----- Entries shown

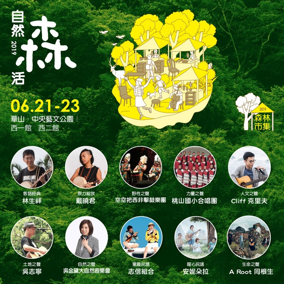 一年一度的「森林市集」邁入第三年,6月21日到23日將在華山中央藝文公園與西一館、西二館盛大展開,今年的森林市集加入了陣容堅強的自然系音樂創作者們帶來的演出,更融合五感體驗、手作課程、森林療癒,比往年更加多元豐富。主辦單位農委會林務局為了推廣國產木竹材,邀集國內優質業者展售,提供北部都會區民眾方便接觸全臺優良商家的最佳機會,活絡林業永續發展。今年市集以「自然森活」概念出發,安排七大主題聚落,集結上百家精選木竹商品、友善農產、生態旅遊等業者,更規劃8場次「森學堂」工作坊,適合全家大小一同參與,從不同角度暸解森林並體驗DIY樂趣;今年更首次結合現場音樂演出,三天10場自然音樂會,帶給民眾更精采的自然森活體驗。
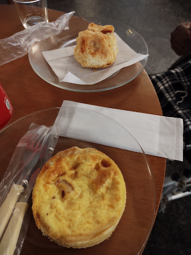 A situação piorou quando nossa comida chegou. A rosca estava dura, com aparência de velha, e a quiche também deixou a desejar, sem sabor. Quando solicitamos a troca da rosca, fomos inicialmente ignorados pelos atendentes. Quando finalmente conseguimos falar com alguém, a atendente pegou a rosca com as mãos e colocou de volta no prato. Para piorar, pequenos insetos caíram no prato durante esse processo. Mesmo diante disso, não ofereceram uma substituição, apenas descontaram o valor da rosca da conta de forma grosseira.
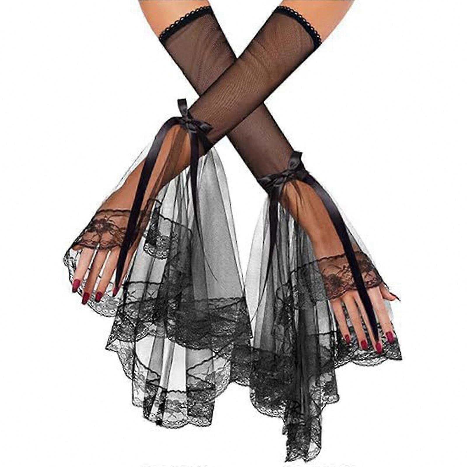 Victorian Gothic Lace Gloves for Women - Elegant Long Sleeves Party Accessory - Breathable Polyester - White
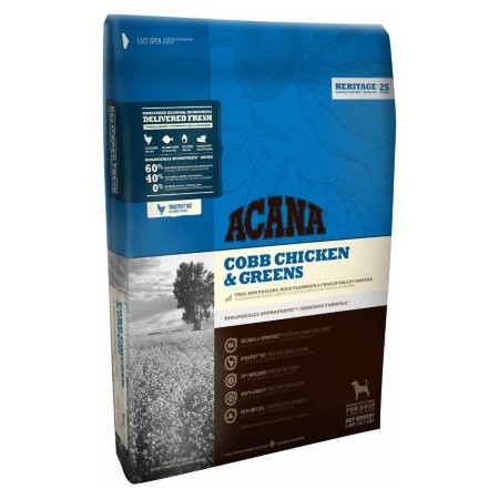 Alimento per cani adulti di tutte le taglie ed età. Acana Heritage Cobb Chicken & Greens è ricco di ingredienti freschi provenienti esclusivamente da fornitori locali, come pollo allevato a terra, uova deposte in nido, pesce pescato in natura e verdura maturata al sole.
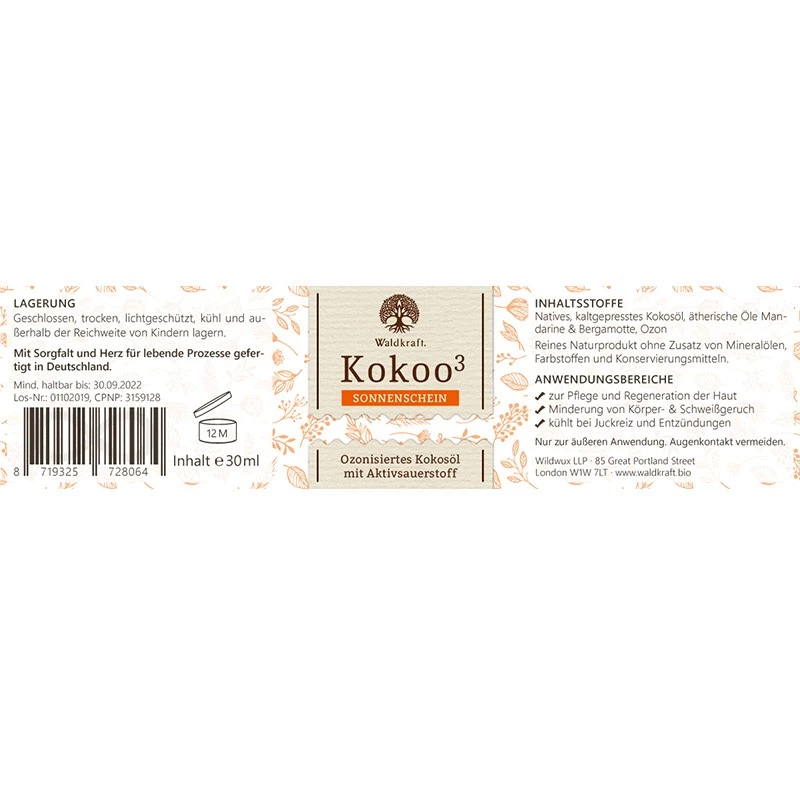 Kokoo³ Sonnenschein – Olio di cocco ozonizzato con Mandarino e Bergamotto per la cura della pelle.
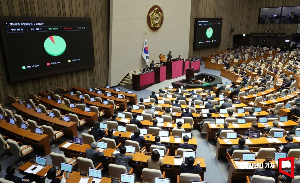 22일 서울 여의도 국회에서 열린 본회의에서 정치개혁 특별위원회 구성결의안이 통과되고 있다.
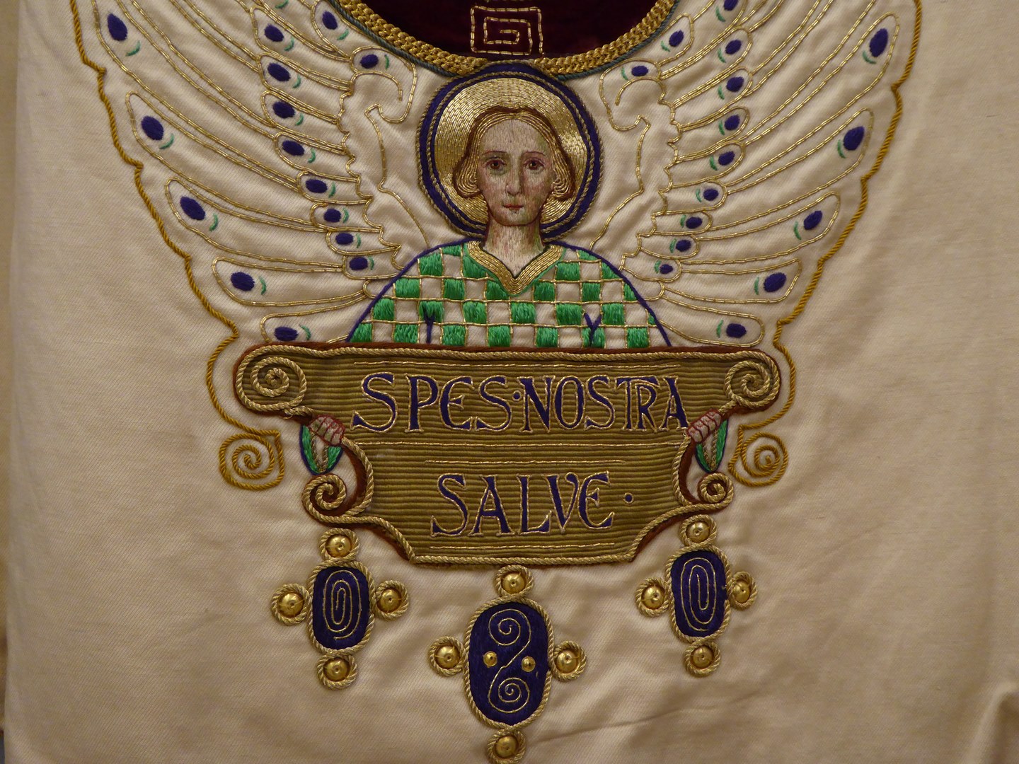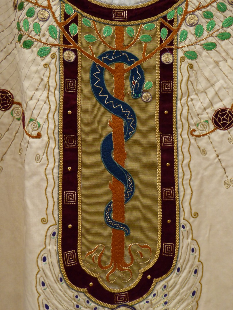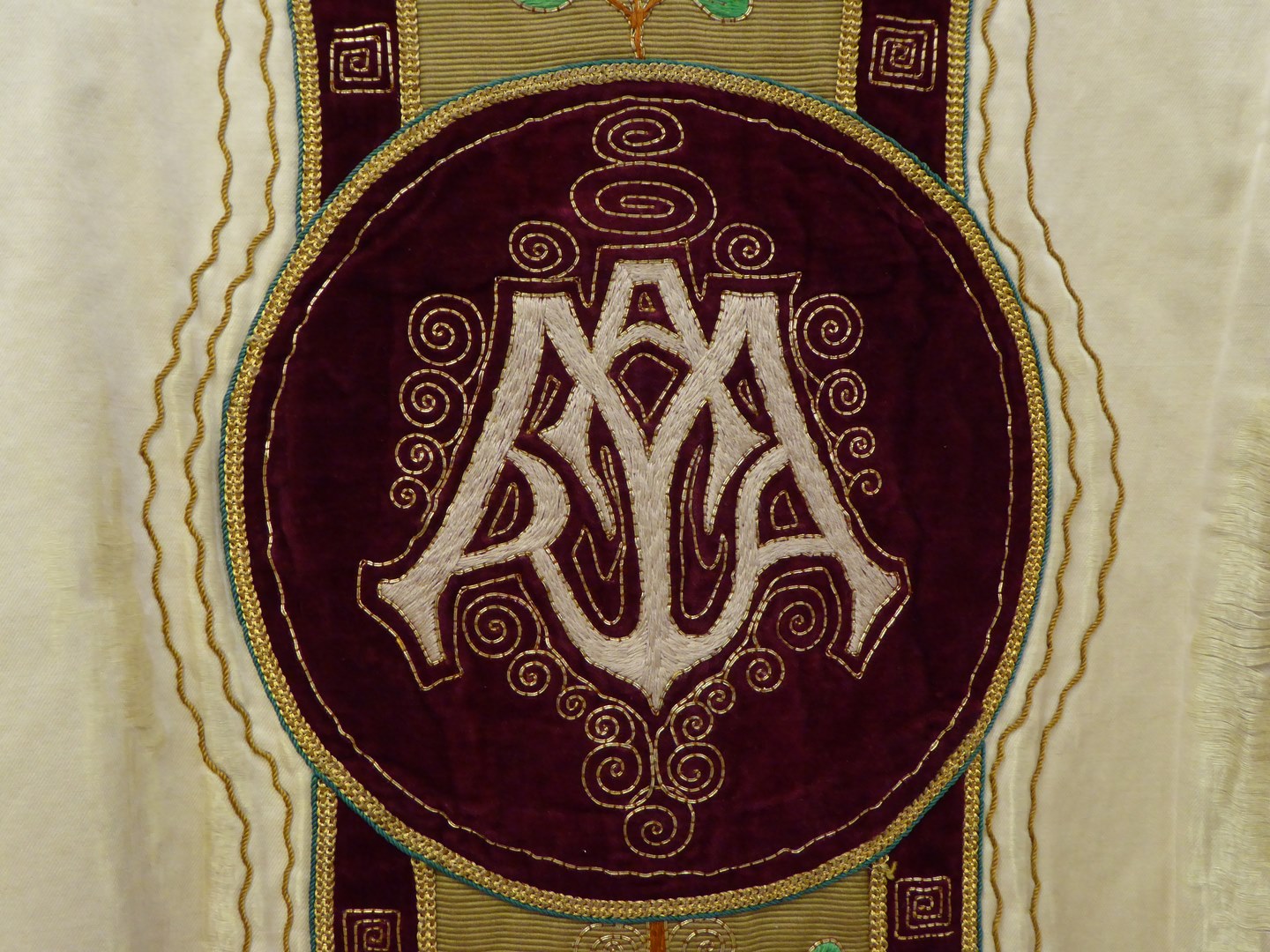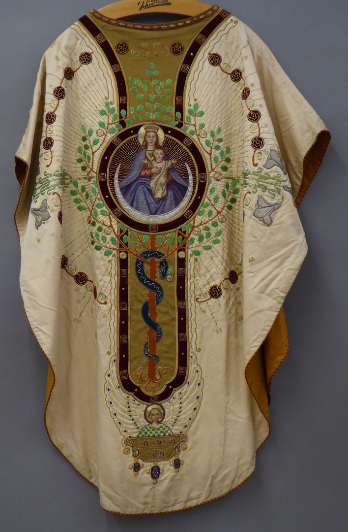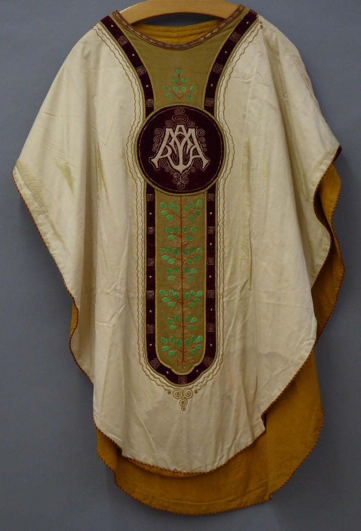 Wit kazuifel met beige kolom en kruis, levensboom en Maria op de maansikkel
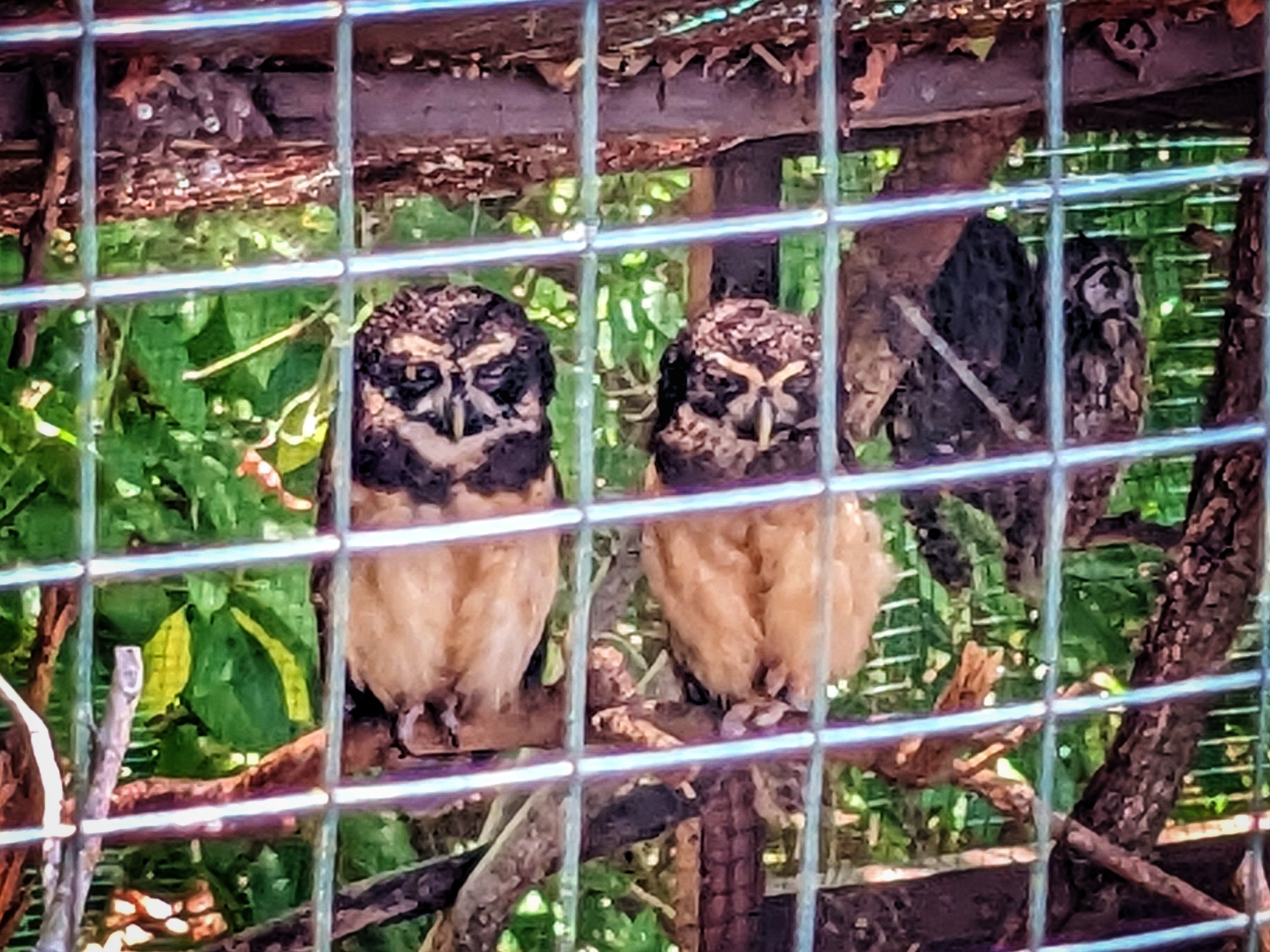 Some of the animals, for one reason or another, can never be released. Some animals are too sick and need daily medication or a special diet. A parrot with only one wing would not survive in the wild for long. Similarly, a racoon (Lil’Dahma) was already too attached to humans; the team tried to release him three times but he cried for over an hour and kept coming back to them. He is clearly happy in his enclosure by the kitchen and gets to “play” with humans every day. Once he has grown a little bigger he will be able to join the 3 other racoons in their enclosure.

----------

Exercise brief:
Reproduce the records exactly, starting with their first line and ending with the line that contains "Victorian Gothic Lace", though pictures should be dropped.

Answer space:
 一年一度的「森林市集」邁入第三年,6月21日到23日將在華山中央藝文公園與西一館、西二館盛大展開,今年的森林市集加入了陣容堅強的自然系音樂創作者們帶來的演出,更融合五感體驗、手作課程、森林療癒,比往年更加多元豐富。主辦單位農委會林務局為了推廣國產木竹材,邀集國內優質業者展售,提供北部都會區民眾方便接觸全臺優良商家的最佳機會,活絡林業永續發展。今年市集以「自然森活」概念出發,安排七大主題聚落,集結上百家精選木竹商品、友善農產、生態旅遊等業者,更規劃8場次「森學堂」工作坊,適合全家大小一同參與,從不同角度暸解森林並體驗DIY樂趣;今年更首次結合現場音樂演出,三天10場自然音樂會,帶給民眾更精采的自然森活體驗。
 A situação piorou quando nossa comida chegou. A rosca estava dura, com aparência de velha, e a quiche também deixou a desejar, sem sabor. Quando solicitamos a troca da rosca, fomos inicialmente ignorados pelos atendentes. Quando finalmente conseguimos falar com alguém, a atendente pegou a rosca com as mãos e colocou de volta no prato. Para piorar, pequenos insetos caíram no prato durante esse processo. Mesmo diante disso, não ofereceram uma substituição, apenas descontaram o valor da rosca da conta de forma grosseira.
 Victorian Gothic Lace Gloves for Women - Elegant Long Sleeves Party Accessory - Breathable Polyester - White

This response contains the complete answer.